This role is for one of our clients
We are looking for a highly skilled Senior DevOps Engineer to lead the design, automation, and management of modern cloud infrastructure with a strong focus on Kubernetes. In this role, you will be responsible for building scalable, secure, and highly available platforms that support mission-critical applications. You will drive infrastructure automation, CI/CD excellence, observability, and cloud operations while partnering closely with engineering teams to ensure seamless deployments and operational reliability.
Requirements
Key Responsibilities
- Architect, deploy, and manage production-grade Kubernetes clusters to support scalable and resilient applications.

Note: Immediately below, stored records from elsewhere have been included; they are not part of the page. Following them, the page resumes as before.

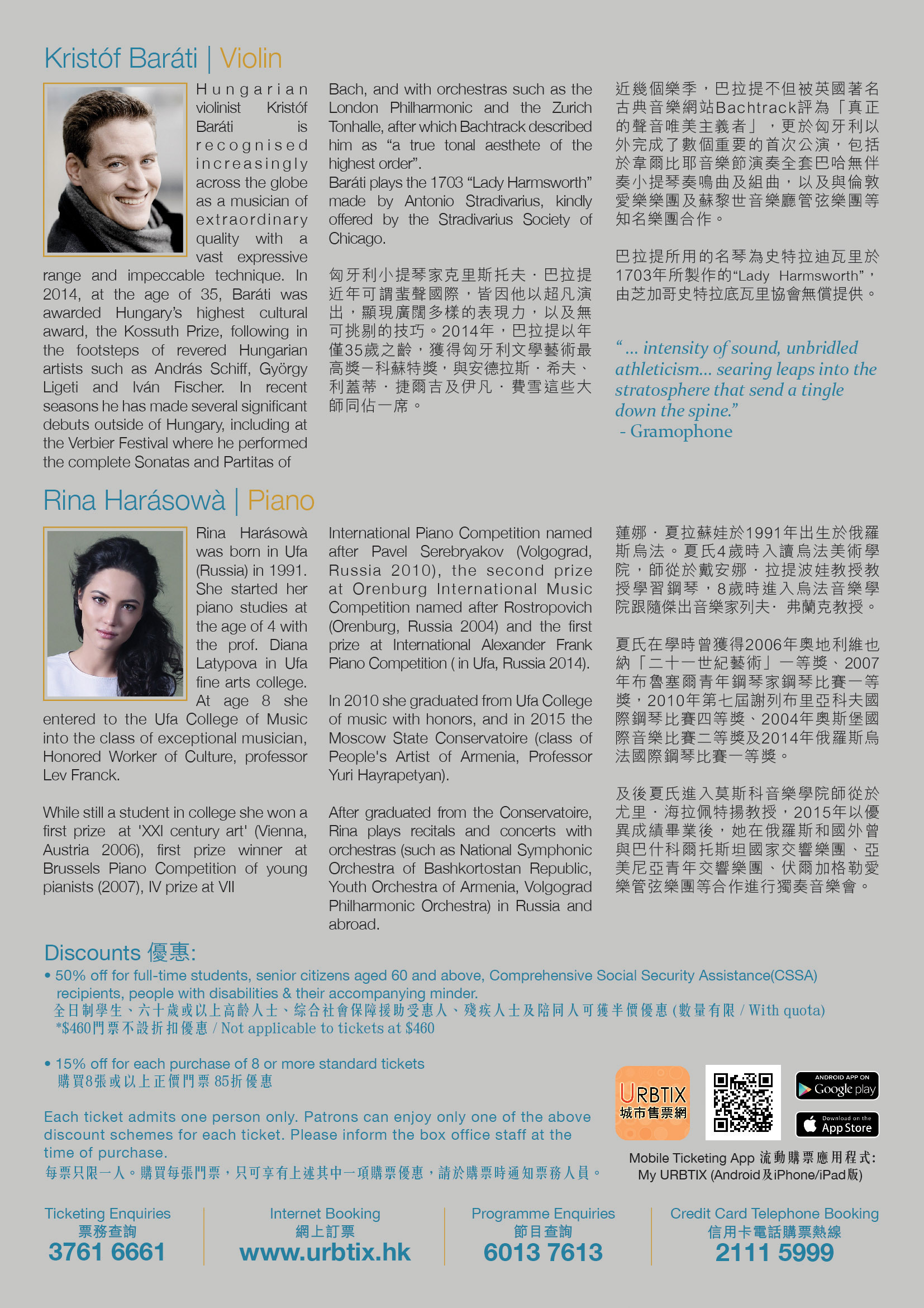 匈牙利小提琴家基斯托夫.巴拉提(Kristóf Baráti)近年可謂蜚聲國際,皆因他以超凡演出,顯現他廣闊多樣的表現力,以及無可挑剔的技巧。2014年,巴拉提以年僅35歲之齡,獲得匈牙利文學藝術最高獎-科蘇特獎(the Kossuth Prize),與安德拉斯.希夫(András Schiff)、利蓋蒂.捷爾吉(György Ligeti)及伊凡.費雪(Iván Fischer)這些大師同佔一席。
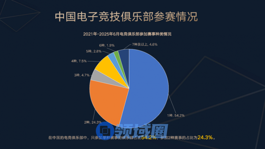 在中国电竞俱乐部中,只参加单种赛事的占比为54.2%;参加2种赛事的占比为24.3%;参加3种赛事的占比为4.7%;参加3种以上赛事的占比为16.8%。
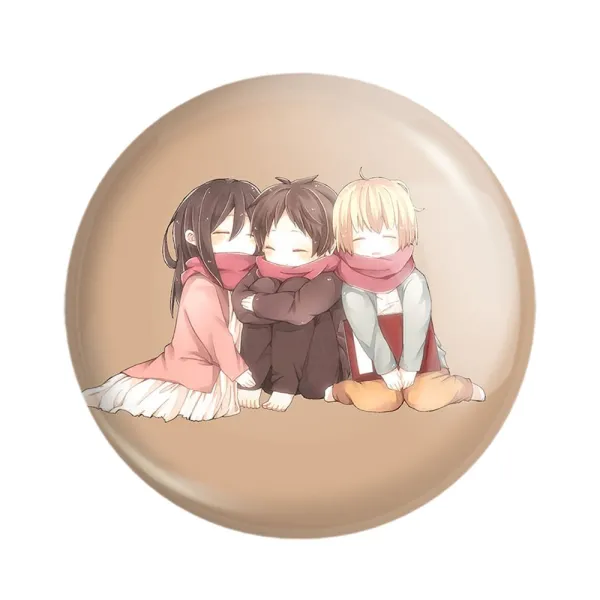 مگنت میکاسا و ارن و ارمین انیمه اتک آن تایتان Attack on Titan خندالو با روکش سلفون مات مخملی ضدخش و قطعه پشتی فلزی تولید شده است که آهنربای اتمی بکار برده شده در محصول، بصورت مخفی تعبیه شده ودیده نمی شود. ضمن اینکه گیرایی بسیار بالایی داشته و به هیچ عنوان از روی یخچال نمی افتد.

- Design and maintain cloud infrastructure across AWS, Azure, or GCP using Infrastructure-as-Code (IaC)practices.
- Build, optimize, and manage CI/CD pipelines to enable reliable and automated software delivery.
- Implement GitOps workflows and deployment automation using modern DevOps tools.
- Manage Kubernetes ecosystem components including Helm, ingress controllers, autoscaling, networking, and stateful workloads.
- Establish and maintain monitoring, logging, and alerting frameworks to ensure system visibility and proactive issue resolution.
- Lead incident response, troubleshooting, root cause analysis, and performance optimization initiatives.
- Drive cloud security, secrets management, compliance, and infrastructure governance best practices.
- Optimize infrastructure costs while maintaining performance, scalability, and reliability.
- Develop operational runbooks, documentation, and automation frameworks to improve engineering productivity.
- Collaborate with development teams to improve deployment processes and overall platform efficiency.
What Makes You a Great Fit
- 4–6 years of experience in DevOps, Cloud Infrastructure, or Site Reliability Engineering (SRE) roles.
- Deep hands-on expertise in Kubernetes administration, troubleshooting, scaling, and production operations.
- Strong experience with cloud platforms such as AWS, Azure, or GCP.
- Proficiency with Infrastructure-as-Code tools like Terraform and containerization technologies such as Docker.
- Hands-on experience with CI/CD and GitOps tools including GitHub Actions, GitLab CI, Jenkins, ArgoCD, Flux, or similar platforms.
- Strong scripting and automation skills using Bash, Python, Go, or other programming languages.
- Experience implementing observability solutions using tools such as Prometheus, Grafana, and centralized logging platforms.
- Solid understanding of Linux systems, networking fundamentals, security principles, and cloud architecture.
- Strong problem-solving abilities with an automation-first and reliability-focused mindset.
- Excellent communication and collaboration skills, with the ability to work effectively across engineering and operations teams.
- A proactive, ownership-driven approach to building scalable infrastructure and driving continuous improvement.